There’s great imbalance in this universe... Cuz not everyone
is happy, satisfied, even ok... Theres always someone looking back at a
decision they took, theres always an if... What if, that day I hadn’t said yes,
or I hadn’t said no... What if that day I had just said fuck off...
I believe in multiple parallel universes, there has to be,
theres no other way this balance can be maintained... It’s like gravity... and
atmospheric pressure... The reason why your blood hasn’t burst out of your skin
yet is because of the pressure your blood puts against your skin... it’s around
the same as the atmosphere’s pressure... So that longing, that right decision
when you made a wrong one, that slap across someone’s face you are keeping in
check, has already occurred in the other universe... and maybe in another one
the conditions are exactly the opposite.. Im in the place of the person I want
to slap and that person is the one who wants to slap me...
Maybe, when you take a decision, a part of you gets detached
and does that thing you chose not to do... It’s like a part of your spirit, and
that world exists alongside ours... similar to that in Lyra and Wills world...

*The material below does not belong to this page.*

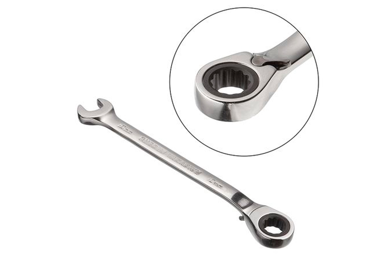 Комбинированный ключ с трещоткой и реверсом, размером 10 мм предназначен для монтажа и демонтажа резьбовых соединений гаек и болтов. Ключ изготовлен из прочной Cr-V стали. Поверхность ключа хромирована и защищает от коррозии, а также поверхность легко очищается от загрязнений. Накидок с храповым механизмом и 72 зубцами, обеспечивает мягкость хода и высокий крутящий момент. Механизм с шагом в 5° позволяет работать в узких и труднодоступных местах.
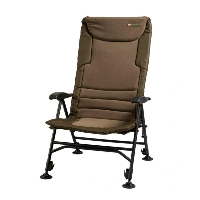 JRC Defender II Relaxa Hi-Recliner Arm Chair - Strong and comfortable chair with armrests - Backrest can be adjusted to 8 different angles - Extra wide seat - Very long backrest (84cm) - Strong frame made of high quality steel - Ergonomically designed padded polyester + polar fleece cover - Mud-resistant feet - Adjustable leg length with locking system The JRC Defender II Relaxa Hi-Recliner Arm Chair is a sturdy and comfortable arm chair designed for optimal comfort during outdoor activities. The backrest can be adjusted to 8 different angles, allowing users to personalize their seating position. With an extra wide seat, a very long back (84cm) and a strong frame made of high quality steel, this chair offers durability and support. The ergonomically designed padded polyester and polar fleece cover enhances comfort, while mud-resistant feet and an adjustable leg length with locking system provide stability and adaptability to different surfaces.

I sooo want Will’s Knife, not for anything else but to put my head into that
world... and seek for that person who wants to slap me and exchange him for the
person in our world..
That moment when you’re talking your crazy shit with your
friend (a girl), realizing that’s exactly the crazy shit you want to talk about
to your future boyfriend, and both of you getting upset over the fact that the
other is not a guy? Yeah it probably happens to two guys in the next universe...

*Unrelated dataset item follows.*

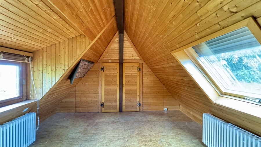 Die Immobilie verfügt über eine klassische Grundausstattung, die überwiegend aus den 1960er- und 1970er-Jahren stammt. Als jüngeres Gewerk ist die Gasheizung zu nennen, eine Buderus Logano Plus Gastherme aus dem Jahr 2014, ergänzt durch einen Warmwasserspeicher derselben Marke mit einem Volumen von 158 Litern. Die Bäder sind stilistisch ebenfalls dieser Zeit zuzuordnen, was den Charakter des Hauses unterstreicht, gleichzeitig jedoch Modernisierungsbedarf aufzeigt. Wasserleitungen aus Blei sind nach aktuellem Stand nicht mehr vorhanden, die vorhandenen Leitungen weisen jedoch ein Alter von mehr als 30 Jahren auf. Insgesamt bietet die Ausstattung eine solide Basis für individuelle Modernisierungen und eine zeitgemäße Anpassung.
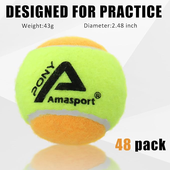 - Stage 2 – Orange Balls (50% Slower): Medium bounce and speed. Great for kids aged 8-10 practicing on 60-foot courts and building rally skills.

There probably sitting at the same place you are as well...
So that day when you chose to stay at home and not go out
with friends for drinks? Yeah, in the 1st parallel universe, you
went on ahead and reached back home feeling normally fuzzy... In the 2nd
parallel universe you got completely wasted and passed out, conscious of
nothing, to wake up with no memory, in a different room from the one in your
last memory and still feeling fuzzy and
swearing never to have anything to do with lemon again… (That’s and awesome
feeling you wake up with actually, Cuz you feel indifferent to everything you
ever felt for in your life, loosing of maybe something, maybe someone and
definitely your mind)
So that day when you decided to never talk about upsetting
things again, never wonder about all the what if’s, and fail miserably? In the
other universe, you wouldn’t worry about any of them... But you would have had
other regrets... That you actually went ahead in the first place, the reason why
you did stuff that you did... Those consequences you avoided in your world...
But are you happy? Is the non-happening of those consequences something you want
to settle for?
Choice is the worst thing ever... Why can’t there be a way
between? Why does it always have to be a Yes or No? Why is life so stubborn?

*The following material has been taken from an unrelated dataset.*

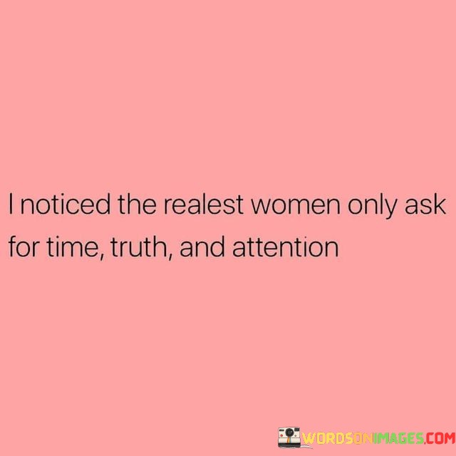 This quote highlights the qualities that the speaker believes real and genuine women prioritize in a relationship. It suggests that these women value time, truth, and attention from their partners over material possessions or extravagant gestures.

Why can’t life bend a bit more to my liking? Why is life like that old oak tree
that refuses to bend in the strong wind that’s your wills and wants? Didn’t we
read that the old oak breaks in a storm? When’s my storm gonna break you, my
tree of life? On another parallel, is there a bigger storm coming up? (Monkey
with hands on eyes emote)
Theres a very thin line between stubbornness and stupidity… It’s
very often that the thing your being stubborn about turn’s stupid, sometimes
within a few hours of you beginning to be stubborn... Everyone around you realizes
that you’re being stupid... But your bullheaded-ness doesn’t allow you to see
it... What do I do then? I wait... hoping you realise your being stubborn is
stupid... So what do I do to you, Life? I wait... until you realise that you’re
being stupid too…
P.S. I do not regret, as much as I show it, or don’t... And
of all, you will remain one of my favorite What If’s…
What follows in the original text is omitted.